Potent and Selective Biaryl Amide Inhibitors of Hematopoietic Progenitor Kinase 1 (HPK1)

Abstract

Herein we report the discovery of a novel biaryl amide series as selective inhibitors of hematopoietic protein kinase 1 (HPK1). Structure–activity relationship development, aided by molecular modeling, identified indazole 5b as a core for further exploration because of its outstanding enzymatic and cellular potency coupled with encouraging kinome selectivity. Late-stage manipulation of the right-hand aryl and amine moieties surmounted issues of selectivity over TRKA, MAP4K2, and STK4 as well as generating compounds with balanced in vitro ADME profiles and promising pharmacokinetics.

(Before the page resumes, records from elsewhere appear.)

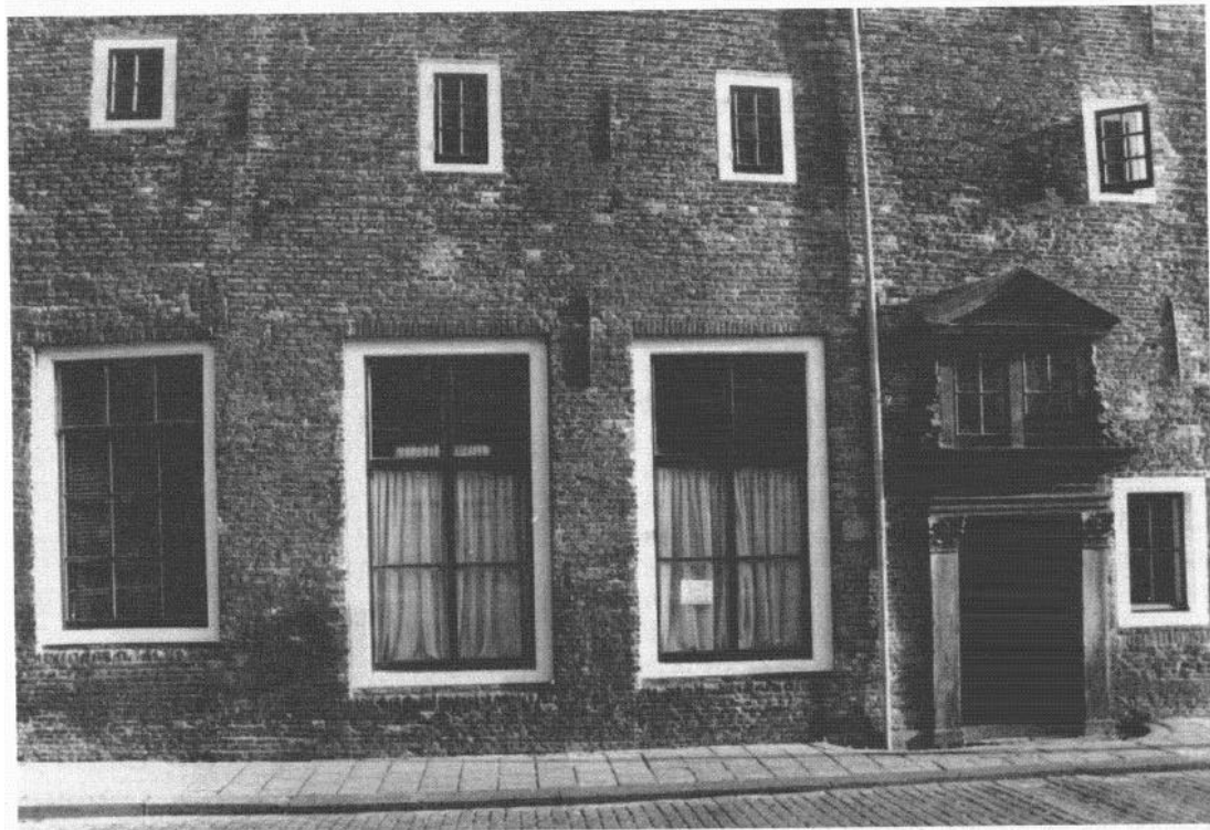
De kleine raampjes op de eerste verdieping van 'Huize Groeneweg' roepen herinneringen op aan de klooster-cellen. Rechts het toegangspoortje van de Latijnse School, met de spreuk van rector Tollius: "Praesidium atque decus, quae sunt et gaudia vitae/Formant hic animos Graeca Latina rudes" ] Foto: Wim Scholten

Op het parkeerterrein tussen Huize Groeneweg en de prof. Casimirschool lag vroeger het Heilige Geesterf, bebouwd met twintig huisjes, acht aan de straatzijde en twaalf binnen op het erf. Zij waren eigendom van het Heilige Geestweeshuis. In een witte gevelsteen boven de ingang was het jaartal 1570 aangebracht. In de achttiende eeuw zijn de meeste woninkjes wegens bouwvalligheid gesloopt, de overblijvende werden in 1801 verkocht. In het begin van de twintigste eeuw droeg deze plaats nog de naam van 'Weeserf',
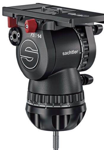
FSB 14T MkII
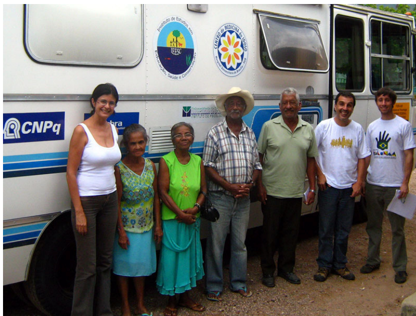
Figura 4: Parte da Equipe do Projeto Viver Kalunga e idosos de Teresina de Goiás.

Este trabalho de pesquisa está inserido no projeto maior Viver Kalunga, Da Silva (2006), o grupo controle é de idosos negros quilombolas, moradores de comunidades isoladas. Os dados deste grupo foram comparados com dados de um grupo de idosos moradores de uma pequena cidade interiorana, dados de um grupo de portadores de Doença de Alzheimer (moradores de metrópole) e de um grupo de idosos sem queixas, também moradores de metrópole, sendo que estes últimos vieram do interior para morar na capital de Goiás, tendo uma média de 35 anos que vivem na capital.

Immune checkpoint inhibition has emerged as a highly effective strategy in cancer treatment, with durable responses observed across a variety of tumor types.¹ Nevertheless, a significant proportion of patients do not respond effectively to immune checkpoint blockade or develop resistance after an initial response. Thus, additional targets that can modulate the immune response synergistically with checkpoint inhibitors are of great interest.² One such target is hematopoietic progenitor kinase 1 (HPK1/MAP4K1),³⁻⁵ a serine/threonine kinase of the Ste20 family that is involved in the downregulation of T-cell and B-cell antigen receptor signaling.⁶ HPK1 acts through phosphorylation of SLP76 and has an immunosuppressive function across a variety of cell types, including CD4⁺ and CD8⁺ T cells as well as dendritic cells.^7,8 HPK1 knockout mice showed increased T-cell activation, improved antitumor immunity, and increased propensity for autoimmune disease, all suggesting a critical role of HPK1 in immune modulation.⁶ Recent studies with single-point kinase active-site mutants have shown that the promising results with knockout mice can be recapitulated by inhibiting kinase activity,⁹⁻¹¹ suggesting that a small-molecule ATP-competitive approach to HPK1 inhibition could lead to effective immune activation. Intrigued by the possibilities of HPK1 blockade, we and others¹²⁻¹⁷ initiated a program to develop small-molecule ATP-competitive inhibitors of HPK1.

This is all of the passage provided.